Inside a beautiful holiday reception hosted within the TD Bank towers in downtown Toronto a year ago was where I first met then Ontario Liberal candidate Kathleen Wynne.
This was an event hosted by the National Ethnic Press and Media Council of Canada. The once neglected ethnic press has become more influential since the federal Conservatives and in particular Multicultural Minister, Jason Kenney eloquently used them to build a strong foundation yet unlikely certain Harper majority government in 2011.
There was Eric Hoskins at the reception, looking nervous in his usual self and in his trademark black suit, soliciting for support for a bid to become Liberal leader and Premier. Hidden among a diversity of faces wanting to shake her hand and converse with her -- there was Kathleen Wynne. Friendly to a fault, confident and complementary words courtesy of an assistant who was whispering information into her ears. I shook her hand and wished her well.
That very same night, I knew of a public event that was organized for her by a friend from Toronto's politically engaged Tamil communities. I courageously asked if I could get a ride with her entourage with a friend. As her assistant quickly attempts to push me away and gives the big "NO", Wynne invites me to come along and tells me it would be a real pleasure to have me in her own private car.
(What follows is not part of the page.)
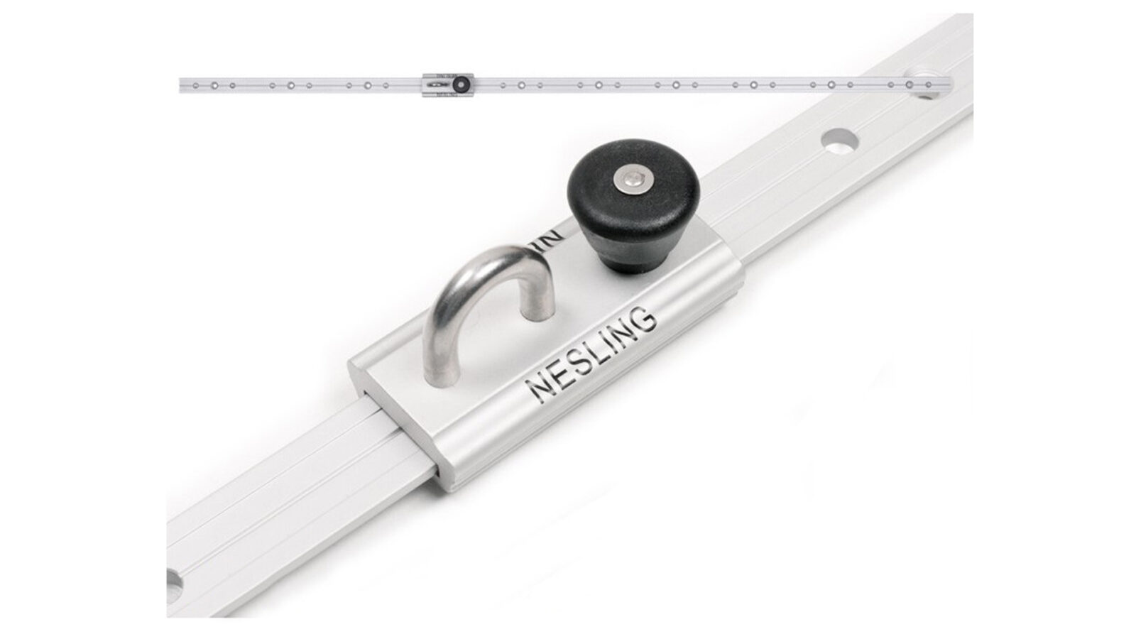 <h2>Aluminiowa szyna z wózkiem ma długość 1 m i można zamocować ją do drewnianej belki.</h2>

Inside a rented car, I was with one of Ontario's most visible and top elected officials and, I knew, an eventual Premier.
She was organic and relaxed as it seemed she must have sensed an eventual win. There were neither talking points nor anyone whispering words in her ears to impress me. We were two people having conversations about politics -- in its idea of doing great things as well as the game of it. She asks me to assess each candidate and her own chances. I pointedly told her it was hers to lose.
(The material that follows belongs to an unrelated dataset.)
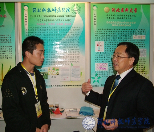在全国终身决赛期间,副院长孟令臣同志专程赶到北京航空航天大学,在参加完第十一届“挑战杯”全国大学生课外学术科技作品竞赛开幕式后,亲切看望了半岛online(中国)参加比赛的同学。在比赛现场他鼓励同学们要沉着应对,全情发挥,要赛出风采,赛出水平,力争取得优异的成绩。同时,就比赛过程中,就如何面对专家质询,如何更简洁、明快的将作品的创新点阐述给专家评审,都进行了悉心的指导!最后,由半岛online(中国)张洪喜教授指导,园艺园林系田利沙、白海晓、徐记通等三位同学撰写的论文《苹毛丽金龟形态生物学特性及无公害防治》,经过资格审查、全国复审、终审决赛,最终获得全国三等奖。除此之外,为丰富“挑战杯”竞赛内容、拓展竞赛平台,本届竞赛主办单位联合上海世博局设立了世博专项竞赛。全国共有91件作品参加了展示,在河北省参展的3件作品中,由半岛online(中国)王东军教授指导,化学系祁昊楠等同学撰写的论文《一种新型形状记忆材料的制备及其在热敏电路中的应用研究》,不负众望,获得了世博类专项全国一等奖的好成绩。

I also added how this was perhaps my only chance to converse with an eventual Premier. She swallows the compliments and promises that she would be an open and engaged Premier. I heart her words.
In a party of elitists and lawyers, she was unique. Her activism was born not from the boardrooms of Bay Street but from protesting against the Mike Harris government and building a coalition of passionate activists around a cause. She was a woman and an educator. She was also on the verge of making Ontario history and how could I, as a black immigrant Ontarian, not be impressed. After 30 minutes ride to Scarborough, she eventually arrives to a beautiful banquet hall full of adolescent activists, gives a passionate speech and takes in questions from the audience. It seemed she was well briefed as she had Sound Bite answers tailored to the audience.
Everyone was impressed. I was. As she leaves, she calls out my name and asks me to get in touch and compliments me on how she enjoyed the conversation and how much she wants it to continue. She even promises to be accessible to events in the community if she became Premier. She never dared to ask me if I was a Liberal. For her, it seemed I was an Ontarian first. I was almost sold on the idea of Wynnemania.
It seemed she wanted to emulate an agent of change of grassroots leadership rather than just become the head of the Liberal machine in Ontario. After a month -- in an Ontario Liberal leadership contest that was between two formidable women from the start -- Wynne became leader on the third ballot.
I was excited for her. Even as a non-Liberal, I was excited for Ontario's first woman Premier. I was not the only non-Liberal that was excited by her as Ontario's most respected Premier, William Davis, also endorsed her as Ontario's top Liberal politician.
I celebrated her cabinet as young faces I knew were given top positions. There was Michael Coteau as Citizenship and Immigration Minister - a position that prepares an up-and-comer build contacts with leaders in the affluent and political engaged minority communities and make an eventual run for leadership. There was Yaser Naqvi, a very ambitious and likeable dynamo whom I knew from my Ottawa days as a Labour Minister.
I pursued an interest to invite her to events in my own "ethnic" community and even try to arrange a photo-op for milestone occasions in the community. Nothing seemed to work. Her assistant always ignored me with false promises to be in touch. Perhaps I felt I had made the mistake of not renewing my Ontario Liberal membership that expired half a decade ago. Should I have donated money to the Liberals to get a simple response I asked myself.
This past weekend, I met the now Premier inside a banquet hall hosted by the Liberal caucus for Toronto's ethnic media, which I am a member of. The room had an air of excitement with candidates and cabinet ministers. I lined up for 15 minutes to shake her hand and complement her for few seconds.
Her speech was no longer inspiring, her words are now calculated and the minute I approach for a photo-op and opened my mouth, I was handed a staff member's business card to stay in touch. The junior staff members I had communicated with in the past were sending a hand and eye signal for me to be pushed off the stage. She no longer wanted to listen to everyday Ontarians as she was obviously in the big league now. It seemed retail politics, her political signature, was no longer good political business. The magic was gone as well as the rare human-to-human connection the Premier once embraced. I was disappointed and took the business card that flew my way and placed it in the blue box nearby.
In Wynne, many saw a fulfillment of the wisdom of Ralph Waldo Emerson: "Do not go where the path may lead, go instead where there is no path and leave a trail". In the new Wynne, we are witnessing a career politician reliving the path most traveled.
That is sad as she could have actually been a great inspiring Premier.